The argument that the President of the Republic holds plenary executive power was “emphatically rejected” by a seven-judge Bench of the Supreme Court in its judgment on the illegal dissolution of Parliament in November 2018, said Counsel for the Third Respondent Home Affairs Minister Wajira Abeywardena President’s Counsel Chanaka De Silva, as hearings on the high-stakes case challenging the validity of SLPP presidential hopeful Gotabaya Rajapaksa’s citizenship commenced for a second day yesterday.
President’s Counsel Chanaka De Silva said the decision of the seven-judge Bench of the Supreme Court was binding in relation to this argument, which was raised by the Attorney General appearing on behalf of the Controller General for Immigration and the Registrar of Persons on 2 October, to claim that President Mahinda Rajapaksa was within his lawful rights to sign Gotabaya Rajapaksa’s dual citizenship certificate on 21 November 2005.

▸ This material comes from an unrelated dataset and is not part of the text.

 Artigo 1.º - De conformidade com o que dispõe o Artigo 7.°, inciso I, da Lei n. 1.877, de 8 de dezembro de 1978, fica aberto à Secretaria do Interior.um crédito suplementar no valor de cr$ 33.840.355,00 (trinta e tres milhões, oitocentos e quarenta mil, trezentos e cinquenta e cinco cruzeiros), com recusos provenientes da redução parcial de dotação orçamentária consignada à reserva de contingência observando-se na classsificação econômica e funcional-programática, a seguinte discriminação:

“The President himself is a creature of the Constitution. He does not rule the realm by divine right exercising plenary powers. His powers are certainly not a divine right,” De Silva PC argued, in a lengthy but lucid submission before the Court of Appeal last afternoon. The Supreme Court had ruled in 2018 that plenary power was akin to “royal prerogative power”, enjoyed by monarchs, he added.
Starting where the Attorney General had ended his submissions on 2 October, De Silva PC said it was important to find out whether the powers of the President were of a plenary nature or not.

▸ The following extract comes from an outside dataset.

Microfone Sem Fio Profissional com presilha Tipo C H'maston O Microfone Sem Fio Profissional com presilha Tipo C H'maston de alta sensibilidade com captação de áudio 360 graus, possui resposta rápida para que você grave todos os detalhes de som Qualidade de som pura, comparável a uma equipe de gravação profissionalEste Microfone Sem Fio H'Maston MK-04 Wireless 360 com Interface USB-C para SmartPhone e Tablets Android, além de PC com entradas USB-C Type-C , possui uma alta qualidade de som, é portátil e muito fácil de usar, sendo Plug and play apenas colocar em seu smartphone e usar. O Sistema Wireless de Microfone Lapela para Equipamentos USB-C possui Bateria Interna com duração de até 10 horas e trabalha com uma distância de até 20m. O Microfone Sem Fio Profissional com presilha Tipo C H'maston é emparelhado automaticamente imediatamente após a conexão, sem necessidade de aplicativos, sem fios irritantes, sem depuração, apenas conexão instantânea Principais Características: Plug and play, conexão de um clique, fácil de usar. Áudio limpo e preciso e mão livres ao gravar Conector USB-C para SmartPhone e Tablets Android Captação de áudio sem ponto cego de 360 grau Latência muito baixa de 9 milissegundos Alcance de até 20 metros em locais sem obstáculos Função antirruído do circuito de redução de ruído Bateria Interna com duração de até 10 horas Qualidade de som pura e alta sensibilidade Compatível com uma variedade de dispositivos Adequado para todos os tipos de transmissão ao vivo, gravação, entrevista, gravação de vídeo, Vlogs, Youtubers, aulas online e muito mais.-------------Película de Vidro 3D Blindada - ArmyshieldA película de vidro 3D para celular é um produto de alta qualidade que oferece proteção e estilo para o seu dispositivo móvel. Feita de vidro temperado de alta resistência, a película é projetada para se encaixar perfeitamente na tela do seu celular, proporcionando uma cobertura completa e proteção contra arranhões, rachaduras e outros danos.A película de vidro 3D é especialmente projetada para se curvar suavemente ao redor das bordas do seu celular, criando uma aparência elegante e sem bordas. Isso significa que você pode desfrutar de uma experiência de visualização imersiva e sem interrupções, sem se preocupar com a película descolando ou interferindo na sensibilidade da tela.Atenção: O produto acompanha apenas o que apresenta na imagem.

“Plenary” was defined as “full, entire, complete, absolute and unqualified”, De Silva PC explained.
Reading from the preamble to the 1978 Constitution, De Silva argued that framers of the Constitution had set out to achieve the goal of a «democratic» socialist republic. «They were certainly not proceeding to set up autocracy, where all powers are reposed in and exercised through one central authority,” he said.

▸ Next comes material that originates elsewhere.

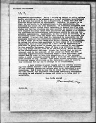 In regard to the difficulty which Mr. McCormick anticipated in attempting to have my appointment confirmed by the Board, I wish to add, for your own information, that this was not a difficulty practically investigated or concerning which I was consulted, but simply one built up by those whose chief desire is to assure themselves of no interference with their plans from me. I was not consulted regarding this nor did I have any opportunity to explain to Mr. McCormick privately the probability that he would have no difficulty at all in obtaining such a confirmation. In my various non-partisan political and public activities I have done many favors for persons influential in both branches of the Democratic organization, -- I might say for persons most influential. Such favors have been done without political intent and without hope or any request for political reward -- purely as incidental to other work whic I was doing. Although there is nothing to recommend me to active assistance from any Democratic organization, I think it would have been comparatively easy for me to dispose of any such opposition as Mr. McCormick suggested and I have no doubt, from a political point of view, that our Democratic friends would prefer the appointment of a Progressive to that of a Republican.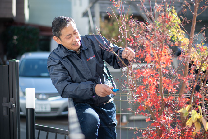 旦那が腰を悪くしたので庭の草むしりができずに困っているところ、ネットで御社を見つけてお見積をお願いしました。電話対応から現地の見積までとてもいい方で、しっかりと説明をしていただいてから作業してもらいました。いままで手を抜いて除草していたのですが、今回は見違えるほどキレイになったので依頼してよかったです。

The Counsel for Minister Abeywardena added that the powers vested in the President through Articles 3 and 4 of the Constitution were expounded in the rest of the provisions about how those powers are to be exercised.
In great detail, De Silva PC explained that the 1978 Constitution, which included the 17th Amendment, included four chapters that deal with the President, the Constitutional Council, the Cabinet of Ministers and the Public Service.
«All these form part of the Executive. That is the structure of the executive. All these arms derive their power from the Constitution. Not from the President. The source of their power is the Constitution,» he argued, in response to SDSG Pulle’s argument that all executive power was reposed in the President.
He explained that Article 4 was the beginning of the story, while the rest of the story was continued in other sections of the Constitution.
A seven-judge Bench of the Supreme Court determined the issue precisely in that manner, by ruling that there were two provisions in two separate sections of the Constitution – one granting the power and the other setting out how it should be exercised. “They must be read together,” De Silva PC told the Court.
Counsel De Silva also pointed out that Article 42 of the original 1978 Constitution makes the President responsible to Parliament for the due exercise of his powers, duties and functions. «So he is answerable. Is that consistent with the position that the President has plenary powers?»
In the context of the Petitioner’s argument that President Mahinda Rajapaksa could not have signed his brother’s dual citizenship certificate, because he was not the lawful Minister in charge of citizenship, since the Cabinet of Ministers had not yet been appointed, Counsel for Minister Abeywardena also argued that Article 43 of the Constitution mandates that the President shall appoint a Cabinet, and that the Cabinet shall be charged with the direction and control of the Government. “Cabinet is the body which is charged with direction and control of the Government, of which the President is the head,” De Silva PC explained. “So he is the head, but the control and direction of the Government is the charge of the whole.”
Counsel for the Home Affairs Minister, who deals with citizenship issues, said that the question before the Court of Appeal goes to the essence of eligibility to hold the highest office of the land, and will therefore have a significant and serious bearing on the franchise.
President’s Counsel Chanaka De Silva said that it was necessary for a person who puts himself forward to have the qualifications necessary to contest and hold office if elected. “This matter goes to the root of eligibility – citizenship,” De Silva PC emphasised. It was important not only to those who want to vote in the SLPP candidate’s favour, but also those who do not, he added.
Responding to a question by the Bench about whether Government grinds to a halt during the brief period of a Cabinet being dissolved and reconstituted, De Silva PC insisted that it does not, while certain matters that require the attention of a Minister or Ministry Secretary may have to wait a few days. “Heads of Department continue to function. The buses will still run. Even in the absence of a President, the country still functions. For three hours on 1 May 1993, there was no President. And yet, the police continued to work, and law and order was maintained,” he added.